Fig. 8A shows the compression of the original image with only one periodic PC. In this case, the PSNR is 24.0421 and the compression rate is 99.8%. In this case, since the PSNR is less than 30, the compression has a low quality. This is noted because this reconstructed medical image is virtually devoid of sufficient color to show manifestations of dermatological disease.
On the other hand, the compressed image with two PCs, the first of these being the one that was replaced by periodicity, is shown in Fig. 8B. This image has a PSNR value of 38.2492 and its compression rate is 98.2%. Furthermore, the compressed image with two periodic PCs is shown in Fig. 8C. The PSNR of this image is 33.7260 and the compression rate is 99.6%.
The compressed image in .jpg format with a periodic PC has a size of 19677 bytes, which is 43.7% of the size of the original image. The image compressed with two PCs, the first PC being periodic, has a size of 21240 bytes, being 47.1% of the original image size. And, for compression with two periodic PCs, the size of this image is 20642 bytes, which is 45.8% of the original image size.
After explaining the principal component and periodic principal component methods applied to the medical image that represents a maculopapular pattern, Table presents a summary of the characteristics of the compressions performed.
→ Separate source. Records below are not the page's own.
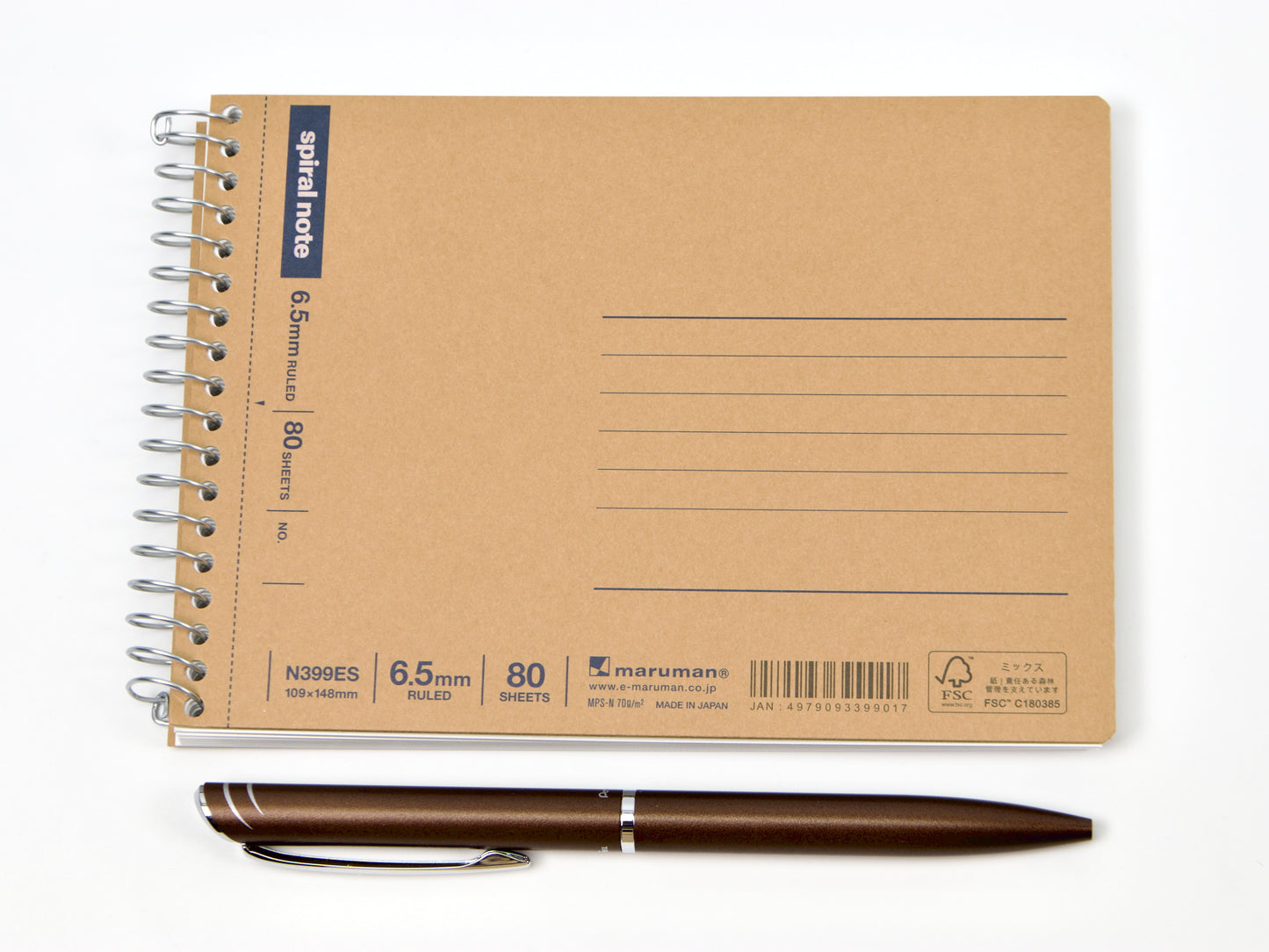 Maruman spiral notebooks in A5 Half Height size, 6.5 mm ruled lines. Each notebook has 80 sheets. Features 70 GSM white paper with soft gray lines. Pages are perforated for easy tear-out. We love this high quality, smooth Japanese paper.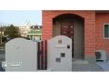 個性的な外観のご自宅に馴染むよう曲線を意識した門柱デザインを取り入れました。玄関扉と角柱の色や質感を合わせることで全体として統一感のある雰囲気に仕上がっています。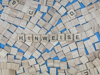 Aus Buchstaben wurde das Wort "Hinweise" gelegt. Es gelten die Nutzungsbedingungen der Mediothek und Pixiothek.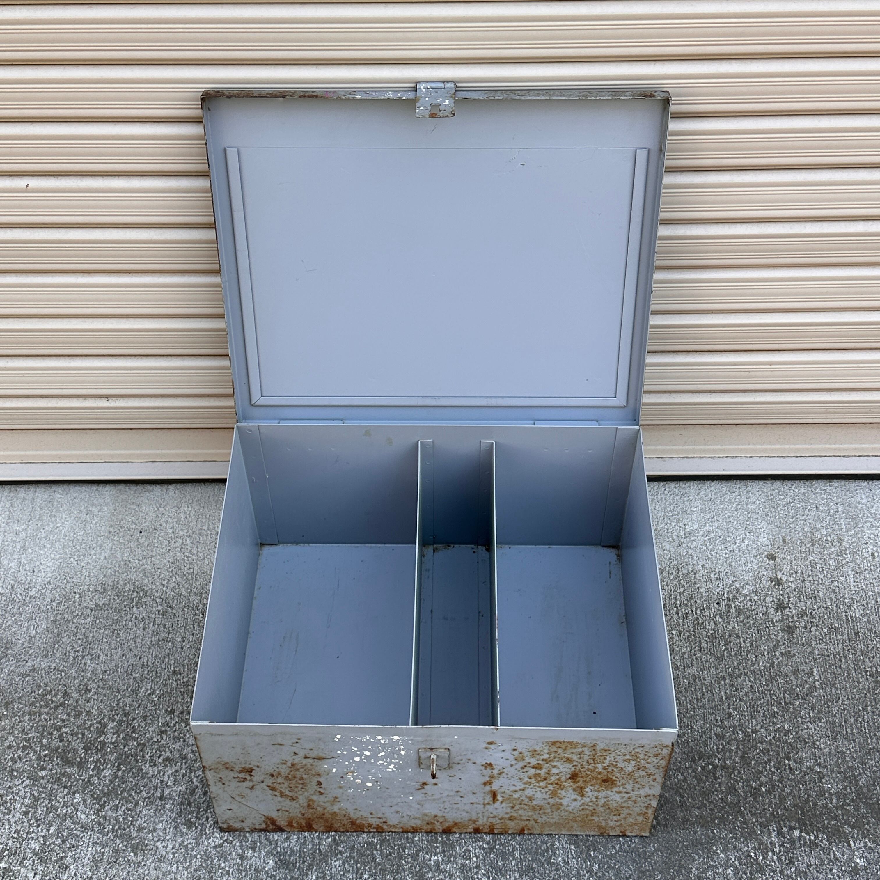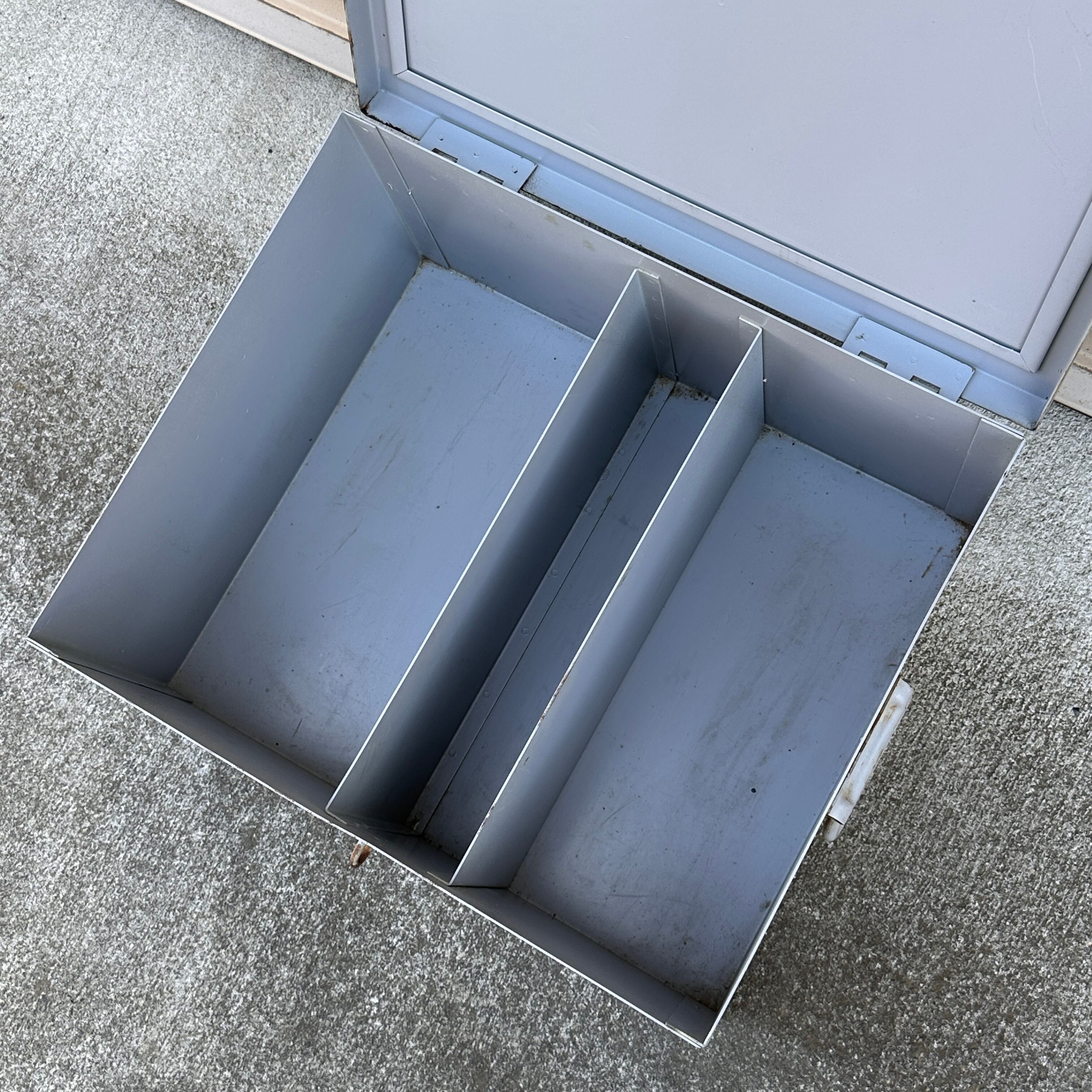 無骨なデザインを活かし、ガレージやインダストリアルなインテリアの主役として小物入れやディスプレイに最適です。また、スチール製で非常に頑丈な造りのため、キャンプギアの収納やペグケースといったアウトドアシーンでも、ハードな使用に耐える頼もしい相棒となります。実用的なDIYの工具箱(ツールボックス)としても使い勝手が良く、置くだけで空間にヴィンテージな雰囲気をプラスしてくれるアイテムです。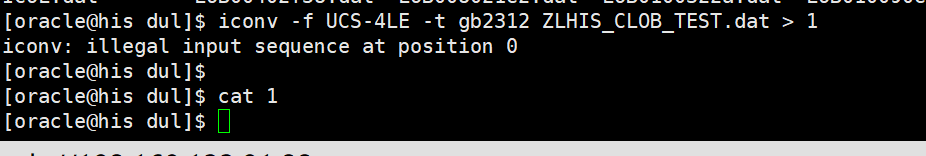 iconv -f UCS-4LE -t gb2312 ZLHIS_CLOB_TEST.dat > 1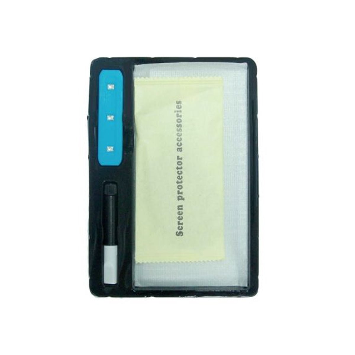 Den hærdede beskyttelsesfilm beskytter din skærm mod ridser og skader og er forstærket for at øge dens evne til at modstå stød og chok. Beskyttelsesfilmen monteres med en UV-lim, der påføres skærmens overflade, hvilket sikrer, at filmen klæber fuldstændigt til skærmen. Hvis beskyttelsesfilmen går i stykker, holdes glasskårne sammen takket være den siliconebaserede UV-lim.

Compression | Explained cumulative variability | PSNR | Compression rate (%) | Image size reduction (%) |
---|---|---|---|---|
One PC | 99.1 | 34.2335 | 98.4 | 49.9 |
Two PCs | 99.6 | 38.2797 | 96.8 | 46.1 |
One Periodic PC | - | 24.0421 | 99.8 | 56.3 |
Two PCs, with the first periodic | - | 38.2492 | 98.2 | 52.9 |
Two PCs, with both periodic | - | 33.7260 | 99.6 | 54.2 |
From the point of view of dermatology, the doctors that were consulted expressed that in all the photos one of the most frequent patterns in COVID-19, the maculopapular or morbilliform pattern, can be observed with very good sharpness and clarity. This pattern is clinically manifest in the patient shown in Fig. 2 and is characterized by a widespread erythmatopapular rash on the lower back. This rash extends to the right buttock in almost its entirety. In addition, in the medical images shown, both in the original and in the reconstructed ones, erythematous papules can be seen, some of the normal color of the skin, small, a few millimeters long, some of them raised and others not. Also, it is observed that these papules converge, leaving areas of healthy skin inside. All this allows to reach the diagnosis of the pathology without any difficulty, both in the original photo and in those that are compressed. As discussed in this section, the lowest quality image is the compression with one periodic principal component, but even this image conveys relevant information.
Conclusions
This paper has presented a compression method for medical images that represent dermatological manifestations in paucisymptomatic patients with COVID-19. Specifically, a representative image of the maculopapular pattern was chosen, and different types of compression were performed on it, guaranteeing the validity of the compressed images to diagnose the disease. The presented method is based on principal component analysis and on the quasi-periodicity of the first principal components, in the case of medical images of patients. Good compression ratios were achieved here, while maintaining quality and relevant features. At this time of pandemic, this is of the utmost importance in the field of medicine and even more so in the specialty of dermatology, because in this, images are a fundamental pillar in the diagnosis of diseases. Therefore, being able to work with lower-weight images without losing the characteristics of the original image allows a correct diagnosis to be made and many diseases to be classified without fear of making mistakes.
Finally, it can be concluded that, with the method presented in this paper, the authors propose the use of a robust medical-image compression technique that could be very useful in the field of dermatology.